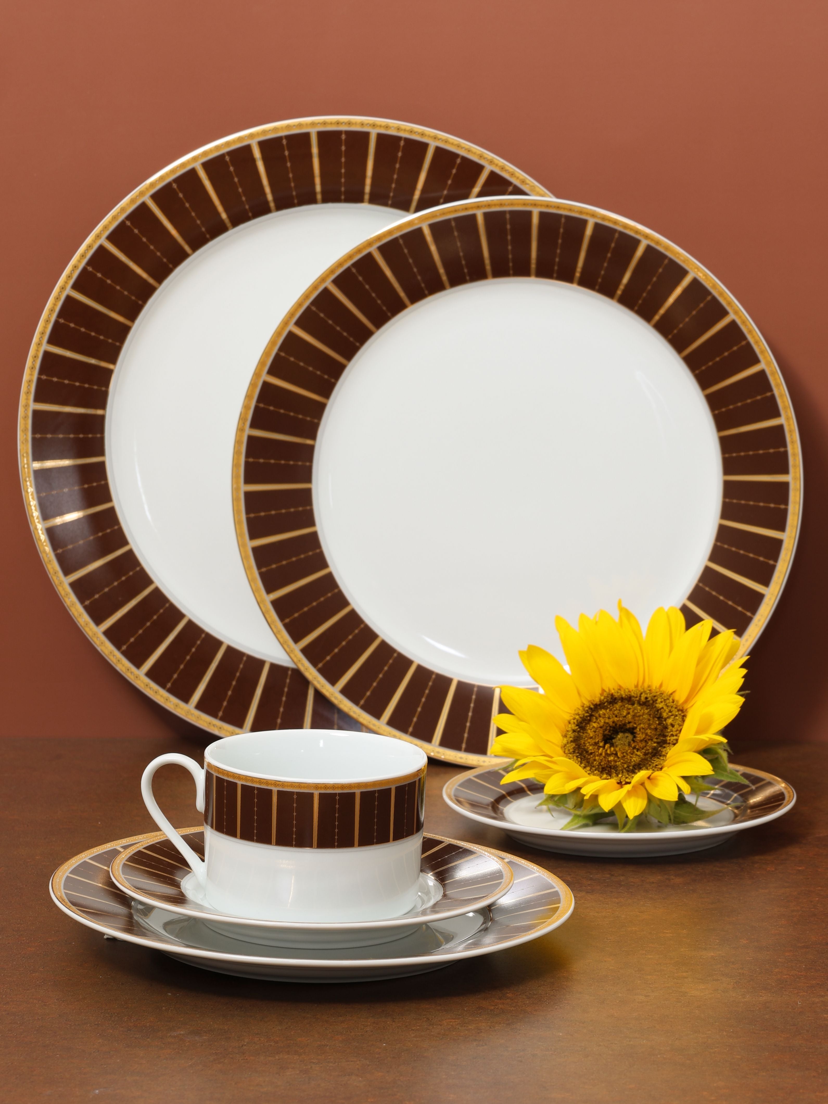 Rich and refined, the Tiffany collection makes a bold statement with its deep chocolate border accented by radiant gold detailing. The striking design brings warmth and elegance to the table, creating a luxurious atmosphere for dining. Perfect for sophisticated occasions, this collection blends timeless artistry with modern allure.
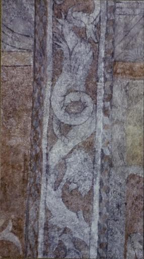 Peinture monumentale : détail d'une frise mêlant éléments végétaux et animaux fantastiques, peinture sur enduit
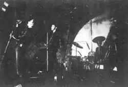 The band's two tracks, "Proces" ("The Trial") and "Bez naslova" ("Untitled") were released on the Artistička radna akcija (Artistic Work Action) various artists compilation in late 1981, on which Nešović's Defekno Efektni also appeared.[3] The band performed two more songs, "Beograd" ("Belgrade") and "Ipak bojim se rata" ("Still, I'm Afraid of the War"), written before Nešović's departure, however, they were never released.[2] After the compilation release, the band moved towards playing post-punk, influenced by Joy Division and Bauhaus, with the vocalist Branislav "Kebra" Babić, which was not well received by the audience.[4]
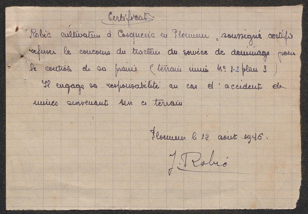 Archives du déminage Finistère-Morbihan : certificat rédigé et signé par Joseph Robic concernant des parcelles du plan n° 3, 12 août 1946 (source : Archives départementales du Finistère, FRAD029_2264W_017_06_361)-
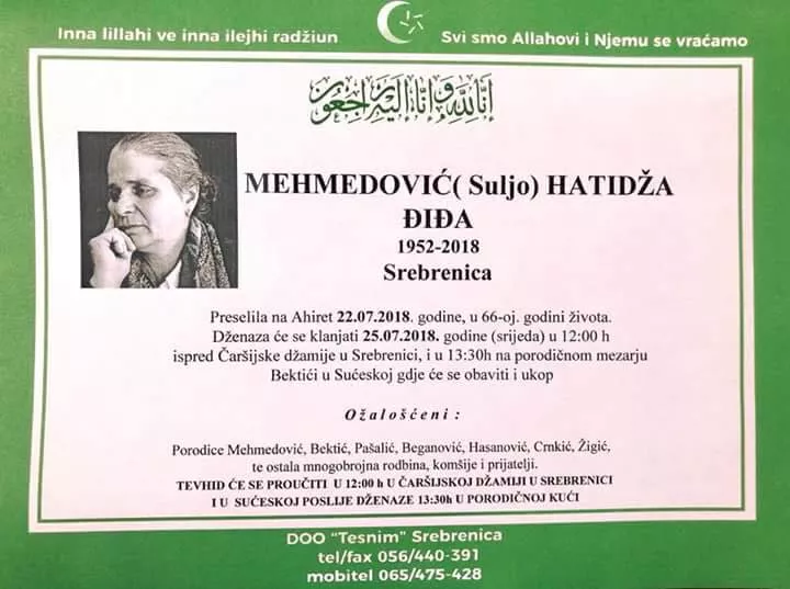 U 11 sati 25. jula bit će održana komemoracija u Velikoj Sali Kulturnog centra u Srebrenici. Hatidža je preminula nakon 23 godine ustrajne borbe za istinom o ubistvu srebreničkih sinova i privođenju pravdi njihovih ubica. Tužna vijest o njenoj smrti je iznenadila i potresla sve one koji su je poznavali, a naročito one koji su joj bili podrška u borbi za istinu i pravdu. Iz njenih usta nikada nije potekla riječ mržnje.
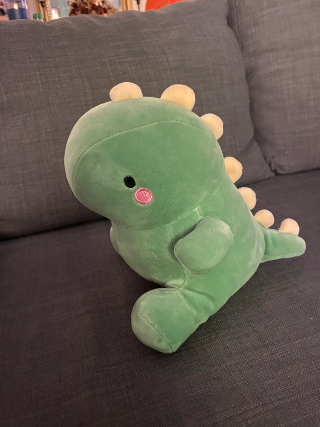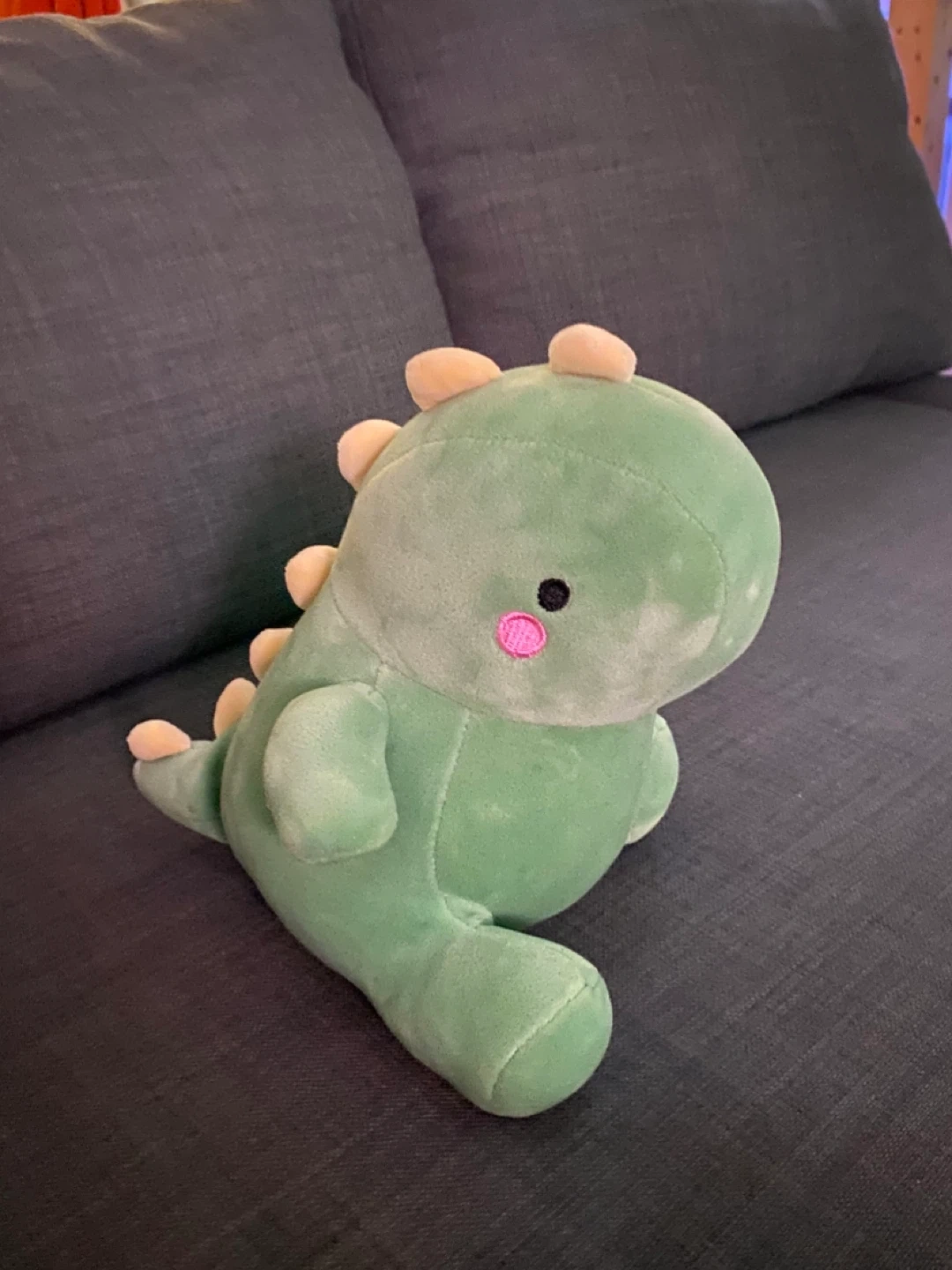 A cute and cuddly green dinosaur plush toy! It's in great condition and ready for a new home. Perfect for kids or anyone who loves dinosaurs Taking cash only

▶ **WHAT TO PRODUCE**:
Copy back, word for word, every line between the top of the material above and the line that contains "The band's two", both included, without any pictures.

▶ **REPLY TO THE TASK**:
 Rich and refined, the Tiffany collection makes a bold statement with its deep chocolate border accented by radiant gold detailing. The striking design brings warmth and elegance to the table, creating a luxurious atmosphere for dining. Perfect for sophisticated occasions, this collection blends timeless artistry with modern allure.
 Peinture monumentale : détail d'une frise mêlant éléments végétaux et animaux fantastiques, peinture sur enduit
 The band's two tracks, "Proces" ("The Trial") and "Bez naslova" ("Untitled") were released on the Artistička radna akcija (Artistic Work Action) various artists compilation in late 1981, on which Nešović's Defekno Efektni also appeared.[3] The band performed two more songs, "Beograd" ("Belgrade") and "Ipak bojim se rata" ("Still, I'm Afraid of the War"), written before Nešović's departure, however, they were never released.[2] After the compilation release, the band moved towards playing post-punk, influenced by Joy Division and Bauhaus, with the vocalist Branislav "Kebra" Babić, which was not well received by the audience.[4]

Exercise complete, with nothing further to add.